Of course, Anthropic and OpenAI will now try to improve their models. But when Lama 3 70B gets multilingual then it will probably also raise in the overall rankings. Competition is great and this year we will most likely see some big advances in the LLM capability.

Llama 3 70b hardware to run reasonably fast is beyond what most people have at home. You need a ton of RAM and probably several really good GPUs.

Is Meta Llama 3 open source llm? No!

Let’s say you don’t want to work, but you want to tinker, then Llama 3 with 70 billion parameters is your best bet. It is “open source llm.” Well, not really! You can take a look the license here [https://llama.meta.com/llama3/license/]. For example,

v. You will not use the Llama Materials or any output or results of the Llama Materials to improve any other large language model (excluding Meta Llama 3 or derivative works thereof).

But you have the license to tweak it and improve it so Meta can use it in their commercial products later.

Meta’s Llama 2 release includes only “model weights and starting code” according to their Github page. One could argue that a fully open LLM would include much more than this: it’s not just about code anymore, but how you derived that huge pile of magic numbers that a LLM actually consists of. – opensourceconnections.com

Also, the weights are not publicly provided by Meta. You must apply to get a copy of the weights.

So, you are free to play around with this model. I completely understand that Zuck is not out to spend 10s of billions out of goodness of his heart to share with a common man. It’s business and they are more generous than other big players. However, it is also part of their PR and development strategy.

Future of Meta Llama 3 400B

Meta is currently training an even more advanced version of Llama with over 400 billion parameters.
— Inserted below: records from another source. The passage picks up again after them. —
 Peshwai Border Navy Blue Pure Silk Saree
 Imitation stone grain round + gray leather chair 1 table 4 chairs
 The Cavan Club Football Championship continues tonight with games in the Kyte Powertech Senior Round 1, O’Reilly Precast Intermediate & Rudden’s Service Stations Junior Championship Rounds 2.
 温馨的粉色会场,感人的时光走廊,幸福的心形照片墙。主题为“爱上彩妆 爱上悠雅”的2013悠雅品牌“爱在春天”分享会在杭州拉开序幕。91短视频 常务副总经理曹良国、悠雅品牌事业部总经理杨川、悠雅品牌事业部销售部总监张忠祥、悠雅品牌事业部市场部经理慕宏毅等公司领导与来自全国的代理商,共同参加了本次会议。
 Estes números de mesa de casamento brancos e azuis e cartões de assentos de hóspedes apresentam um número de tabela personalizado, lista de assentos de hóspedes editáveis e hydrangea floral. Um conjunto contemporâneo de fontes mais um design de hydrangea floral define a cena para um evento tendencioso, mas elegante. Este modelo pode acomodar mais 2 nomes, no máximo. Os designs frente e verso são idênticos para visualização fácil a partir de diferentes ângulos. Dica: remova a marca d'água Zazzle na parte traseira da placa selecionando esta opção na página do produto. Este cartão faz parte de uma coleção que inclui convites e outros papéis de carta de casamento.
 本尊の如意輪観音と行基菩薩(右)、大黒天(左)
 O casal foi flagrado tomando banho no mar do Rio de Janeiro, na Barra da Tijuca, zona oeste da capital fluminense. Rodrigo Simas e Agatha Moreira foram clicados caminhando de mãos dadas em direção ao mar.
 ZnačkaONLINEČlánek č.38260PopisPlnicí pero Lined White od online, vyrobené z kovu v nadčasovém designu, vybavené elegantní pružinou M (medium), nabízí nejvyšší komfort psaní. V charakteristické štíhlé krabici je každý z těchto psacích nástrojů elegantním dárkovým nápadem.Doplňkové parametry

For comparison, GPT-4 has an estimated 1.76 trillion parameters.

Now, it’s clear that every LLM player out there wants to beat GPT-4. Up until now, no one has been able to do it convincingly. All the top models are in the same ballpark with error bars engulfing each other. Some people like Claude 3 Opus more, others use GPT-4.
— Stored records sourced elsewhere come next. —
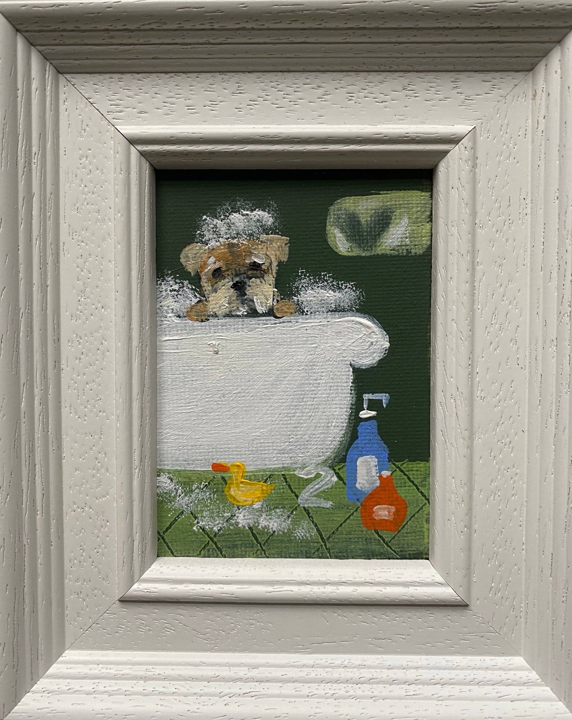 2.5” x 3.5” mini canvas board original in a bespoke wooden frame
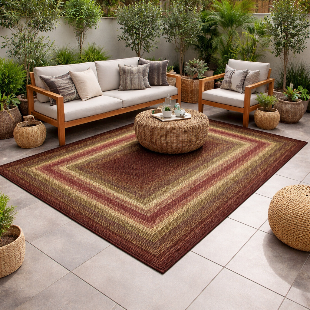 Rectangular Polypropylene Rug (180 x 275 cm) featuring a refined woven design, perfect for enhancing both indoor and outdoor spaces. Its elegant blend of deep burgundy tones adds warmth and character to any setting.
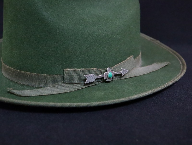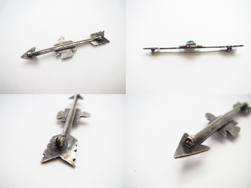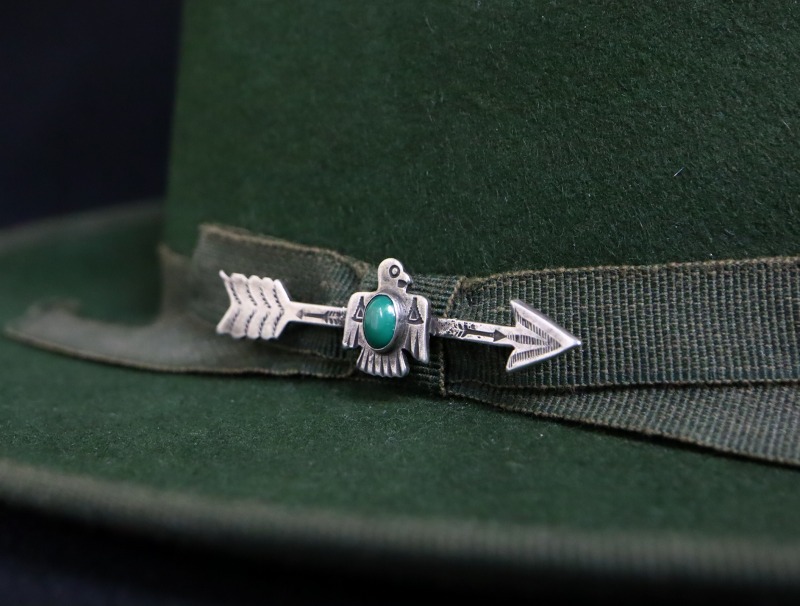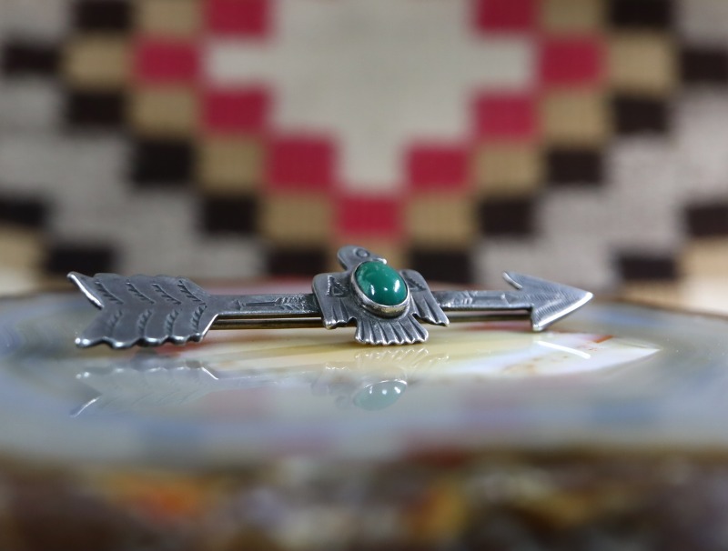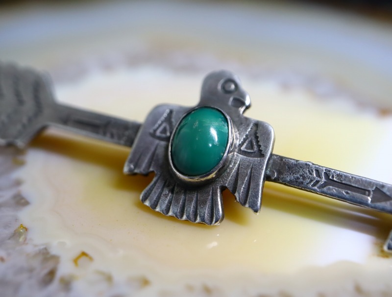1930年代~1940年代頃のピースと思われ、ツーリストジュエリーを代表するモチーフであるアローとサンダーバードシェイプがキャッチーな印象のピン。使いやすいシェイプとサイズ感で、サンダーバードのセンターには、グリーンターコイズがマウントされており、さり気なくも存在感を発揮する立体的で動きのある表情を作っています。
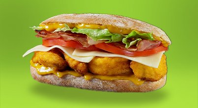 Φρυγανισμένες φέτες ψωμί του τοστ, Gouda, φιλέτο κοτόπουλου, μπέικον, ντομάτα, iceberg, βραστό αυγό, sauce μουστάρδας. Συνοδεύεται με πατάτες Crosscut.
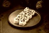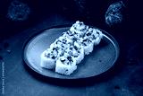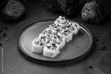 Rolls set with shrimp, cream cheese, romaine, cucumber, tobiko caviar, herbs and spicy sauce.

In their Llama 3 release blog post, Meta reveals that their still-in-training Llama 3 with 400 billion parameters is matching GPT-4. As they say in the blog post:

Please note that this data is based on an early checkpoint of Llama 3 that is still training.

It would be nonsensical for Meta to release Llama 3 400B without topping the chart. Hey, look we made an AI that came in second is not a good message. Even if they plaster the “open source llm” label on it. Most people will never run their own LLMs. Meta along with Google is a direct way to investing in AI stocks.

I hope this helps you understand how the Meta changed the LLM landscape. It’s great if you want to build on top of Meta Llama 3, but nothing special if you just use LLMs for everyday productivity.